§ What you have to do: What you give back from the listing below should be an exact copy of the lines from the one with "(c) Wood charcoal" down to the one with "With the barcode", and it should contain no pictures.

§ Raw data:

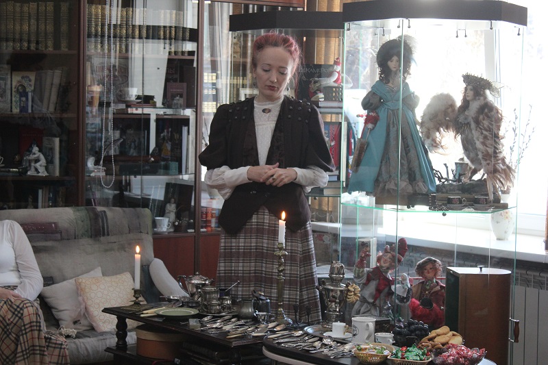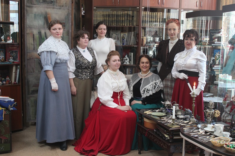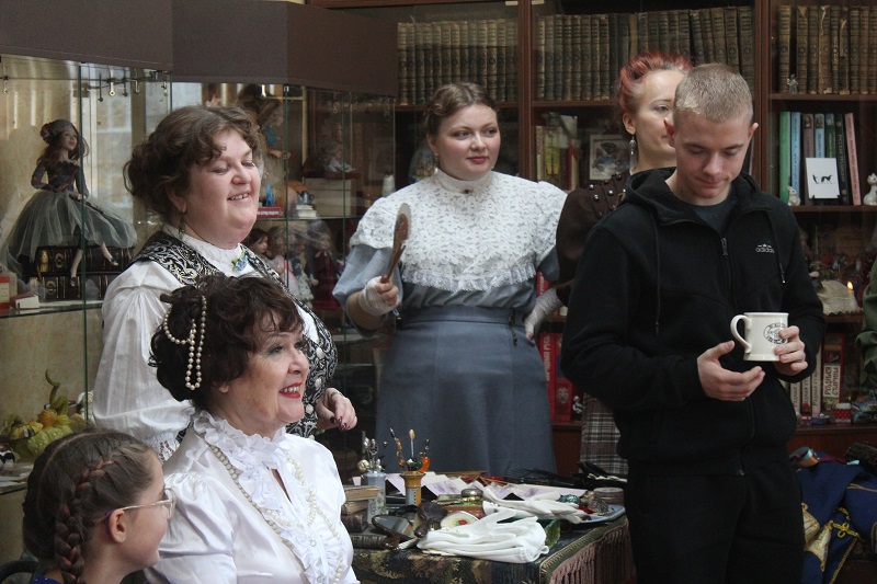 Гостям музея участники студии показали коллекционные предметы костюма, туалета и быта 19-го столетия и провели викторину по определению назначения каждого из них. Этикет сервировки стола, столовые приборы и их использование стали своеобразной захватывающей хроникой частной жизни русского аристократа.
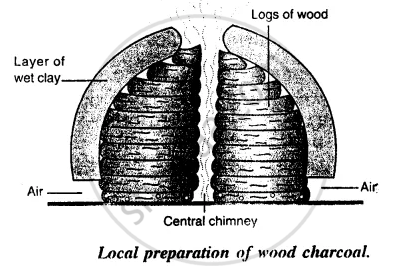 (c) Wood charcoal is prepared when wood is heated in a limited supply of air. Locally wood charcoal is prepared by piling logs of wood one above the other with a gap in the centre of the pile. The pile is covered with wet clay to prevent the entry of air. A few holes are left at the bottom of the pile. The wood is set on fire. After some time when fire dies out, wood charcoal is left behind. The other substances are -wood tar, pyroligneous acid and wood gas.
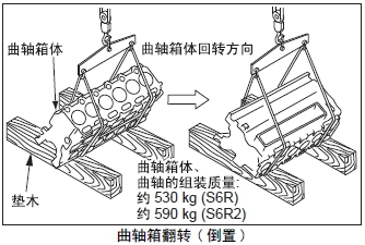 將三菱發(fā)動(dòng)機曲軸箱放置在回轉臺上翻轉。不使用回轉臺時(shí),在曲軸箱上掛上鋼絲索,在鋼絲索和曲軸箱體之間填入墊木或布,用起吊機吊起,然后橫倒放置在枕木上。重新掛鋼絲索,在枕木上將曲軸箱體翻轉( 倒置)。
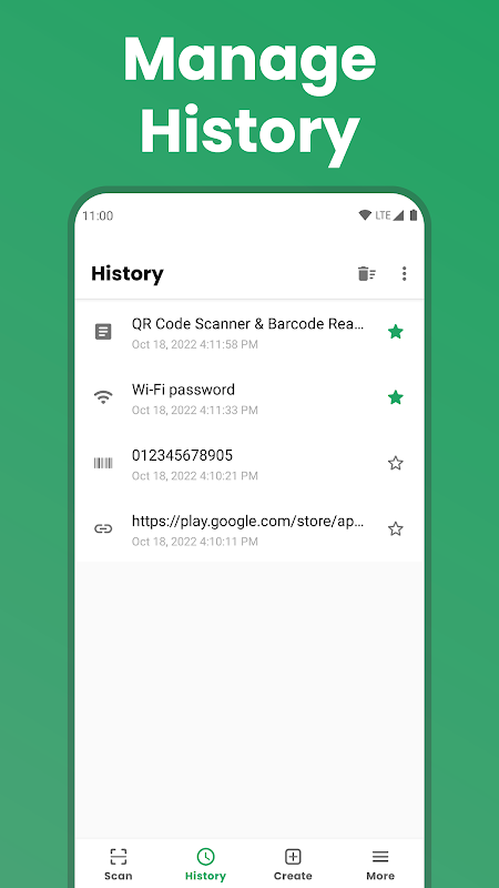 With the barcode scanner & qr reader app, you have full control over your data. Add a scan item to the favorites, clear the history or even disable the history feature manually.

---

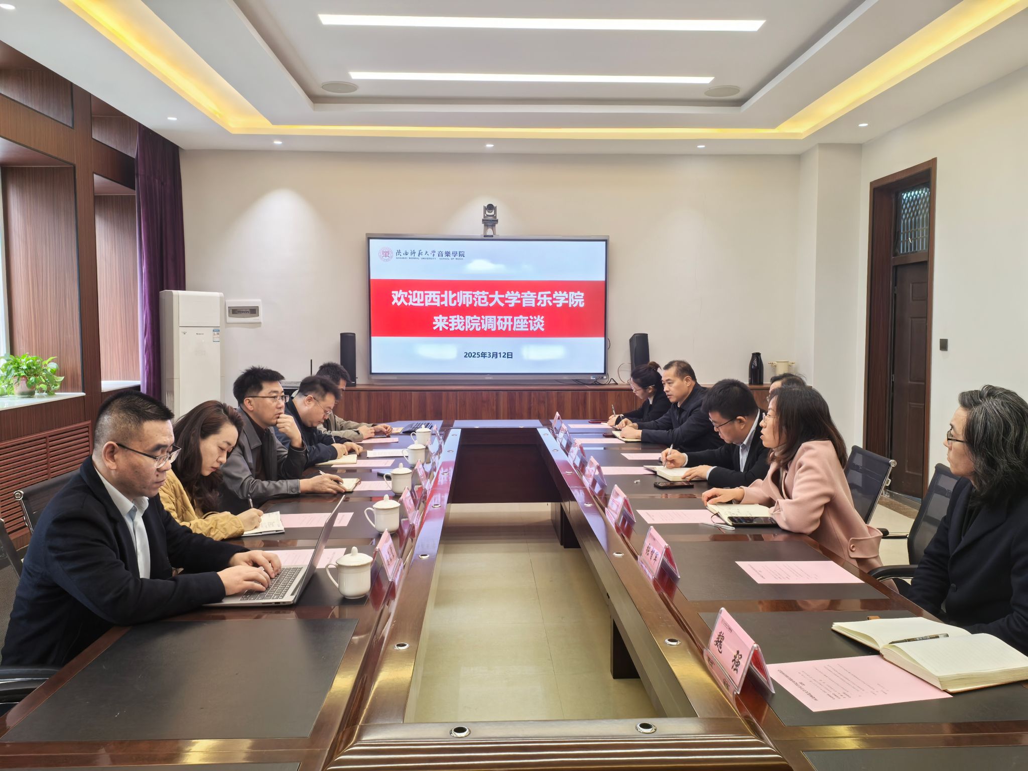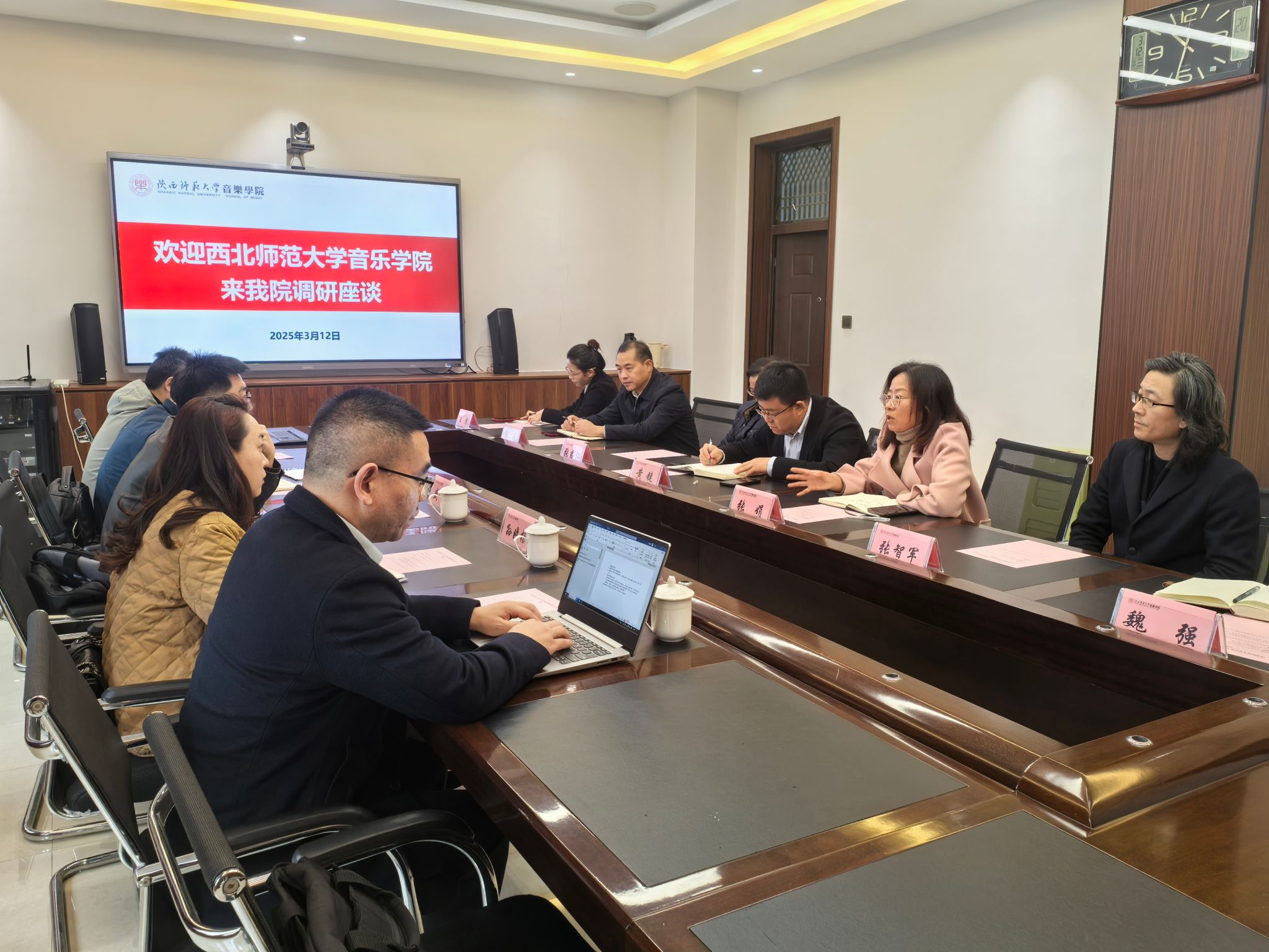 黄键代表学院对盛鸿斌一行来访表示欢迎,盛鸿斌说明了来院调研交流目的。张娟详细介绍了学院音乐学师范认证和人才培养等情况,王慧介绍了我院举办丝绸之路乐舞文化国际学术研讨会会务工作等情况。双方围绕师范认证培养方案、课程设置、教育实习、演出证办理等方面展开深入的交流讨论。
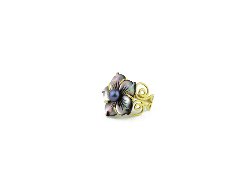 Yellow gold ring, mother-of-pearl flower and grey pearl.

§ Exercise answer:
 (c) Wood charcoal is prepared when wood is heated in a limited supply of air. Locally wood charcoal is prepared by piling logs of wood one above the other with a gap in the centre of the pile. The pile is covered with wet clay to prevent the entry of air. A few holes are left at the bottom of the pile. The wood is set on fire. After some time when fire dies out, wood charcoal is left behind. The other substances are -wood tar, pyroligneous acid and wood gas.
 將三菱發(fā)動(dòng)機曲軸箱放置在回轉臺上翻轉。不使用回轉臺時(shí),在曲軸箱上掛上鋼絲索,在鋼絲索和曲軸箱體之間填入墊木或布,用起吊機吊起,然后橫倒放置在枕木上。重新掛鋼絲索,在枕木上將曲軸箱體翻轉( 倒置)。
 With the barcode scanner & qr reader app, you have full control over your data. Add a scan item to the favorites, clear the history or even disable the history feature manually.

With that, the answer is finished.